Here, however, Mayer’s membership in the Bureau is not at issue; the Preferred Participant Agreement expressly states that it does not supplant the Participation Agreement between the Participant and the Bureau. Similarly, the Bureau’s letter of cancellation states that Mayer’s Participation Agreement with the Bureau remains intact.

Mayer also cites to cases from other jurisdictions. Those, however, also all deal with the due process rights afforded to a member who is being expelled from an organization, which is not the case here.
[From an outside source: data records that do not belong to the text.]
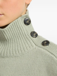 high-neck button-detail sweater Highlights - Pale green - High neck - Button detail shoulder - Ribbed hem - Long sleeves - Wool-cashmere blend Made in France Composition Organic Wool 70%, Cashmere 30% Washing instructions Read Manufacturer Guidelines
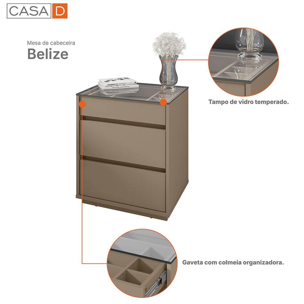 O(a) Mesa de Cabeceira Belize 3 Gavetas Fendi - Casa D é produzido em MDP/MDF na escala de brilho Semi-Fosco, e possui um grau de dificuldade de montagem: Médio.
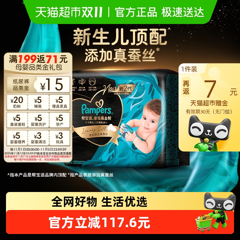 【新生儿顶配】帮宝适黑金帮纸尿裤拉拉裤真蚕丝NB-4XL超薄尿不湿
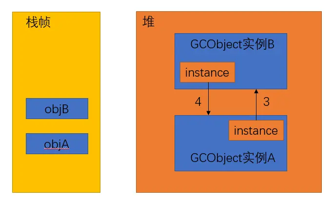 到此,GCObject 的实例 A 和 实例 B 的引用计数都不为 0, 此时如果执行垃圾回收,实例 A 和实例 B 是不会被回收的,也就出现内存泄漏了。

Thus, they do not support Mayer’s theories that the common law recognizes such rights or that RCW 48.43.170 codified preexisting common law rights.

The trial court did not err in determining that the Bureau did not breach its contract with Mayer by cancel-ling his preferred provider status without first providing notice and an opportunity to be heard. Consequently, we affirm.

Bridgewater and Wiggins, JJ., concur.

Article VI, section 6 of the Bureau’s Bylaws provides:

Expulsion. Any member may be suspended from membership in the corporation by a majority vote of the Board of Trustees of the corporation at any meeting regularly called for the purpose for acts and conduct deemed prejudicial to the best interests of the corporation and members thereof, provided that such member shall first have been served with written notice of the accusations against him and shall have been given an opportunity to produce his witnesses, if any, and to be heard at the meeting at which such vote is taken.

‘The term "utilization review” refers to the process of comparing a particular physician’s services and charges to the average services and charges for all physicians in a particular area of practice. In this way, the Bureau tracks the cost effectiveness of its health care providers.